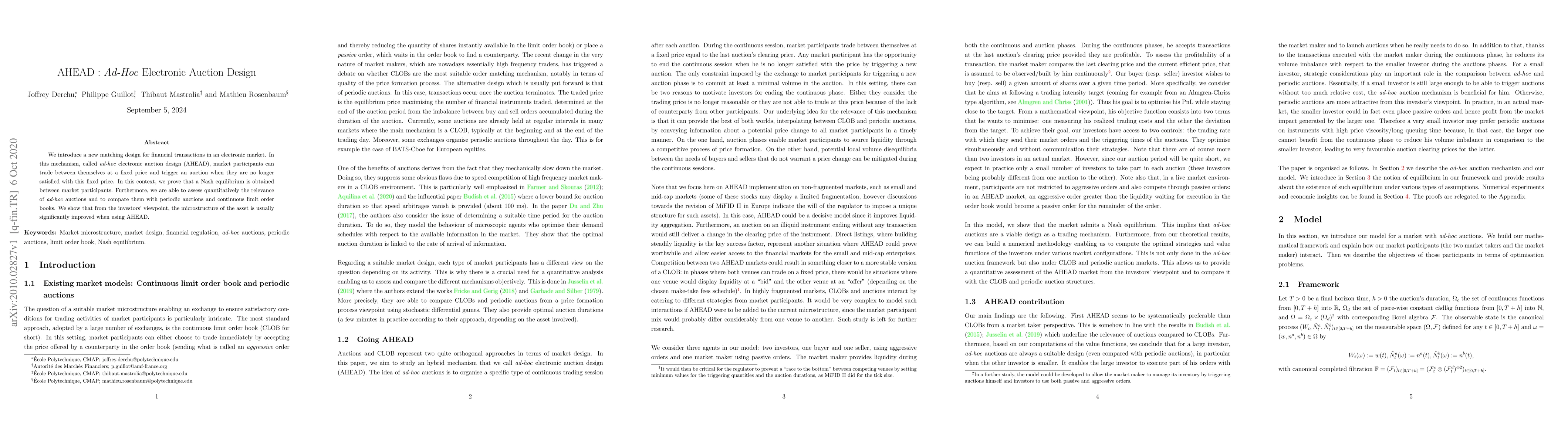 This paper introduces AHEAD, a novel electronic auction design for financial markets where participants can trade at a fixed price and initiate auctions when dissatisfied. The study demonstrates that AHEAD achieves a Nash equilibrium and shows that it often improves asset microstructure compared to periodic auctions and continuous limit order books.
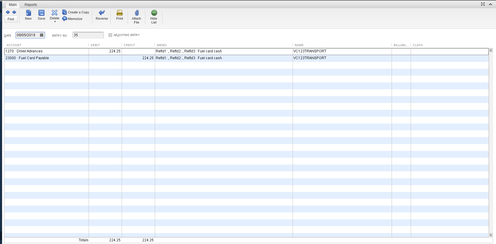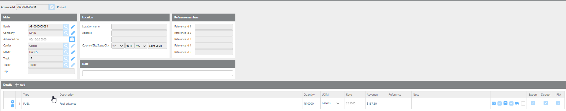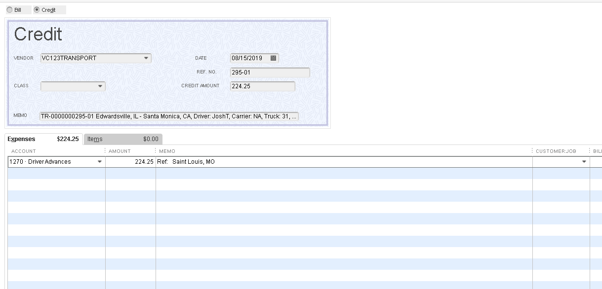 For example, if a fuel advance was deducted from carrier VC123Transport, a Vendor Credit will be created for that carrier and the Driver Advances account will be debited.
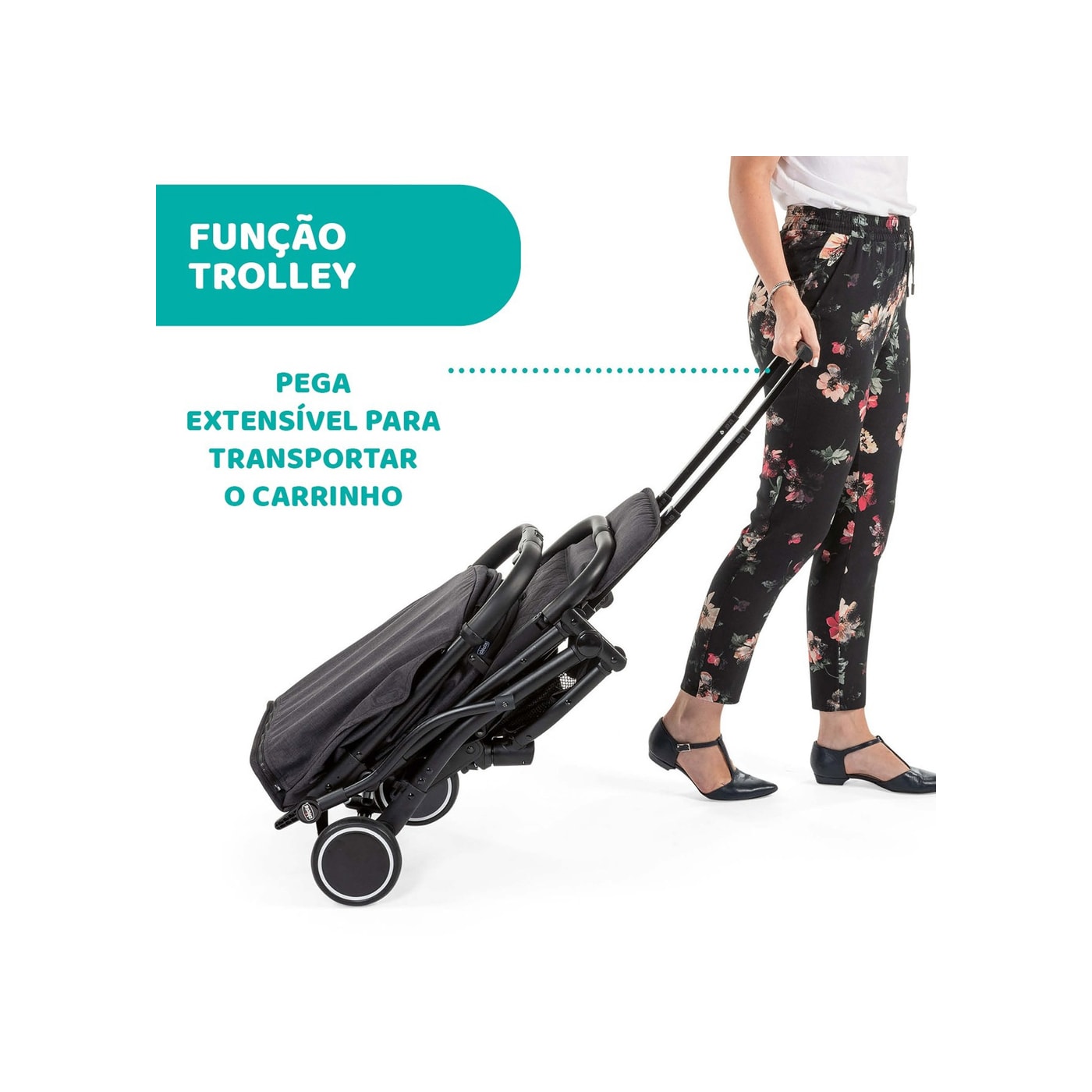 Quando fechado, o carrinho de passeio pode ser facilmente convertido num trolley, dando-lhe mais liberdade de acção.
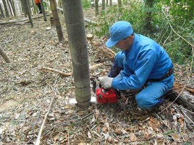 竹林の斜面上部で3台のチェンソーが快調にうなる
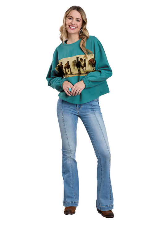 • Roper Womens 2633 Running Horses Teal 100% Cotton Sweatshirt
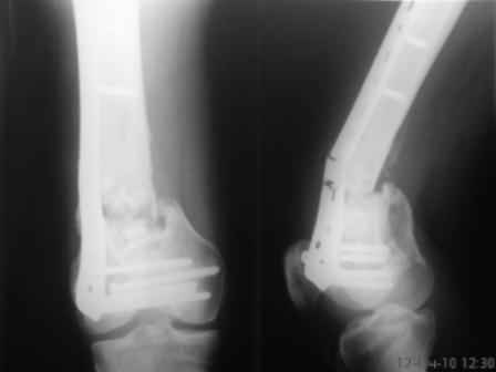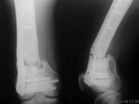 На сегодняшний день наступил перелом пластины, укорочение бедра 2 см. Перелом шейки клинически и рентгенологически сросся. Больной астеничен, немного анемичен. Рентгенограммы прилагаются.
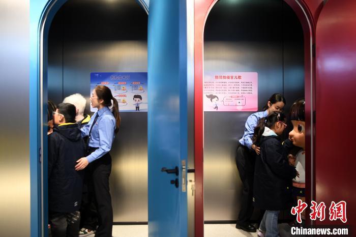 4月2日,在全國首個無障礙青少年法治教育基地,工作人員陪伴孩子在防范性侵展區(qū)了解相關(guān)知識。通過“人體紅綠燈”互動展項(xiàng),可以增強(qiáng)孩子的自我保護(hù)意識。牛宏超供圖
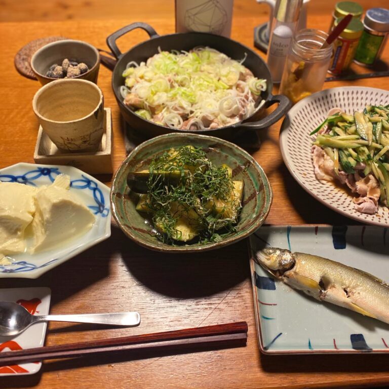 はあー、なかなか終わらないお仕事、ともかく遅い時間になったのでごはんだ、晩酌だ! お店でも出している、ねぎ塩鶏。豚しゃぶときゅうりの辛子味噌だれ。水茄子の浅漬けサラダ。とうもろこし豆腐、来週から出す予定の鮎の和風コンフィの味見。スタッフさかっちがokayanの誕生日にくれた総本家天狗納豆。これまたokayanの誕生日にクロコとぬまっちがプレゼントしてくれた日本酒、山口の天美をあわせますよー!
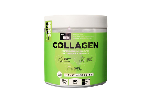 В состав коллагена входят 17 аминокислот: глицин, пролин, гидроксипролин, аланин, аргинин, аспарагиновая кислота, глутаминовая кислота, гистидин, лейцин, изолейцин, лизин, метионин, фенилаланин, серин, треонин, тирозин и валин. Для наилучшего усвоения рекомендуется принимать коллагеновые добавки совместно с витамином С.
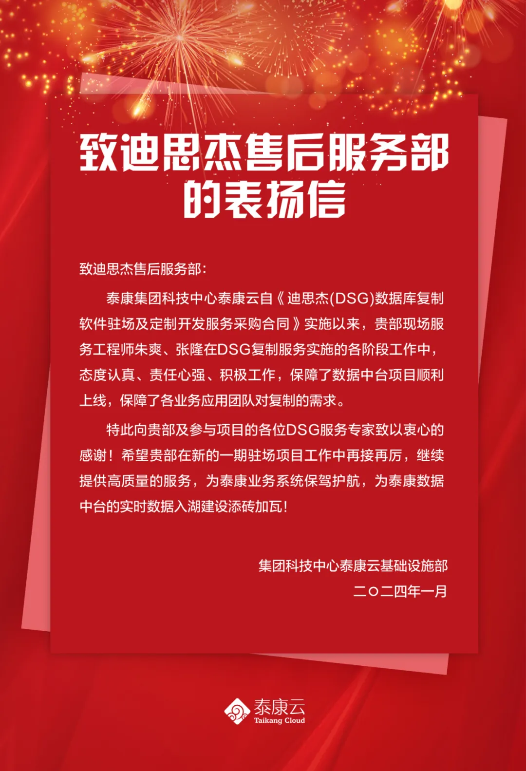 2024年1月22日,泰康集团向金年会诚信至上(北京)数据管理技术有限公司发来一封表扬信,对金年会诚信至上现场服务工程师朱爽、张隆在项目工作中展现的专业素养和敬业精神,给予了高度认可和衷心感谢!
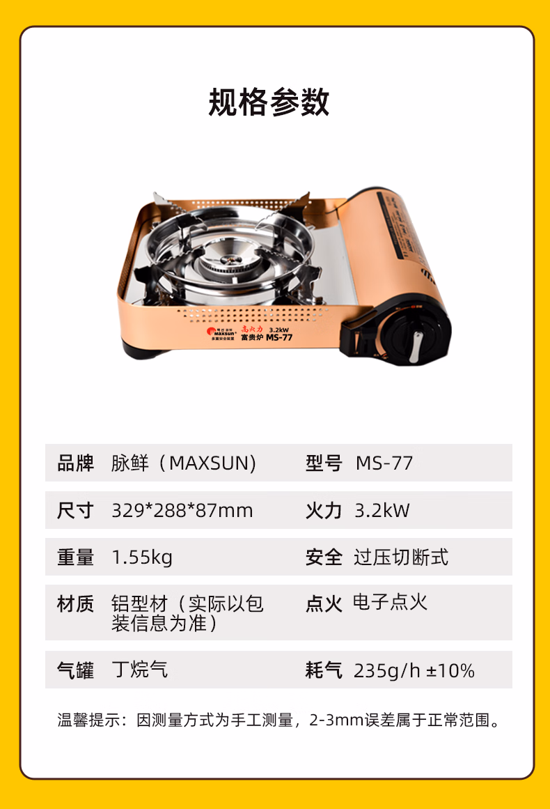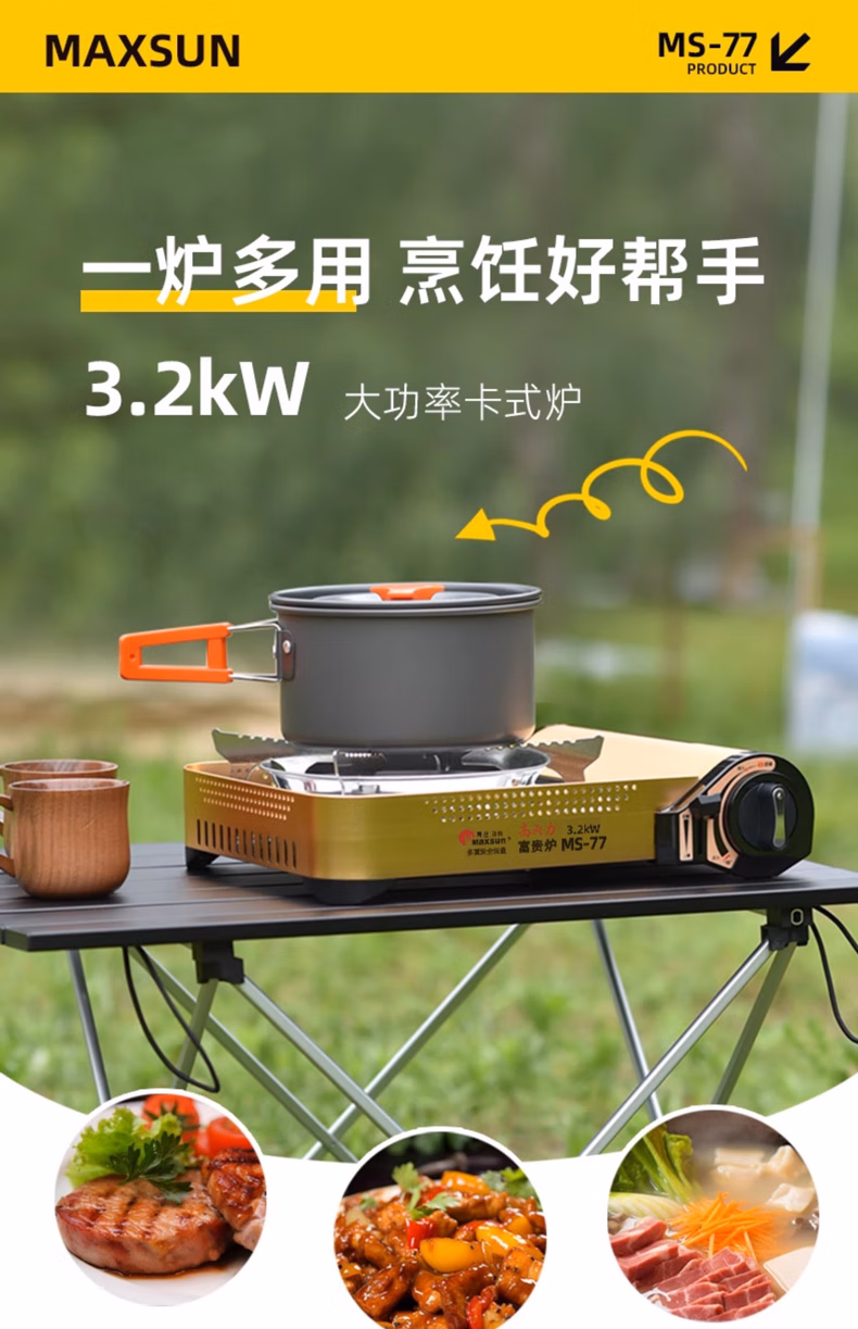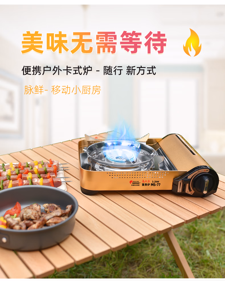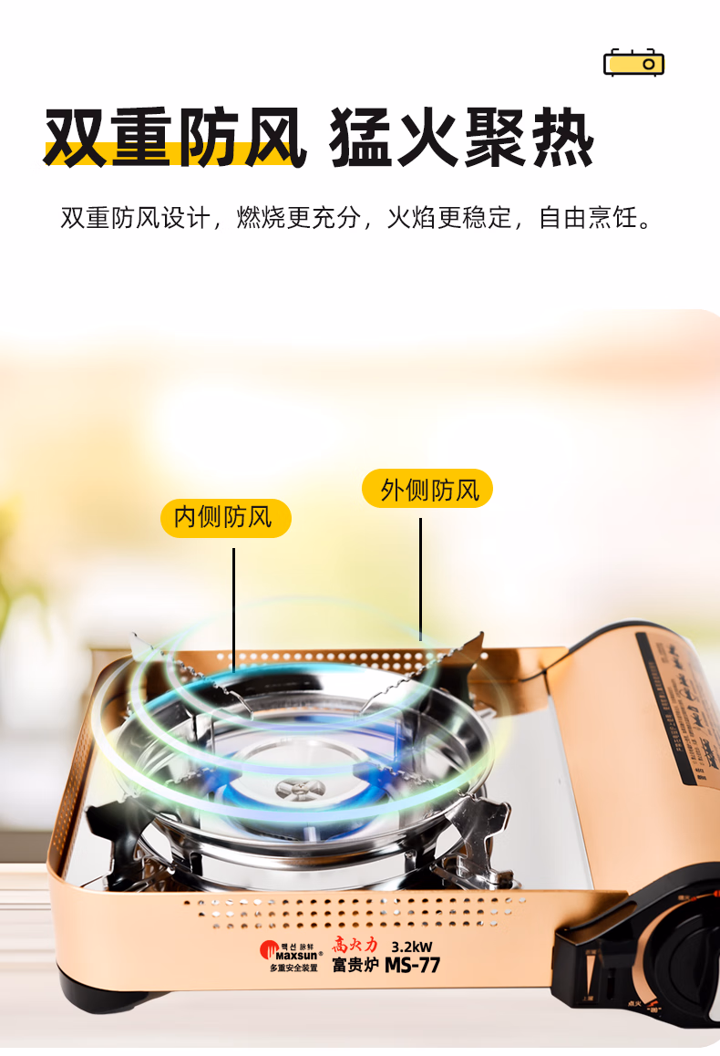 脉鲜卡式炉ms77 土豪金富贵防风炉 高端野餐 安全便携户外露营炉具 富贵荣华卡式炉+脉鲜102烤盘Φ32

### Brief
Only the lines above from the one with "100% Cotton Sweatshirt" to the one with "4月2日,在全國首個無障礙青" should be printed, both included and exactly as written; no picture belongs in the copy.

### Final answer
 • Roper Womens 2633 Running Horses Teal 100% Cotton Sweatshirt
 На сегодняшний день наступил перелом пластины, укорочение бедра 2 см. Перелом шейки клинически и рентгенологически сросся. Больной астеничен, немного анемичен. Рентгенограммы прилагаются.
 4月2日,在全國首個無障礙青少年法治教育基地,工作人員陪伴孩子在防范性侵展區(qū)了解相關(guān)知識。通過“人體紅綠燈”互動展項(xiàng),可以增強(qiáng)孩子的自我保護(hù)意識。牛宏超供圖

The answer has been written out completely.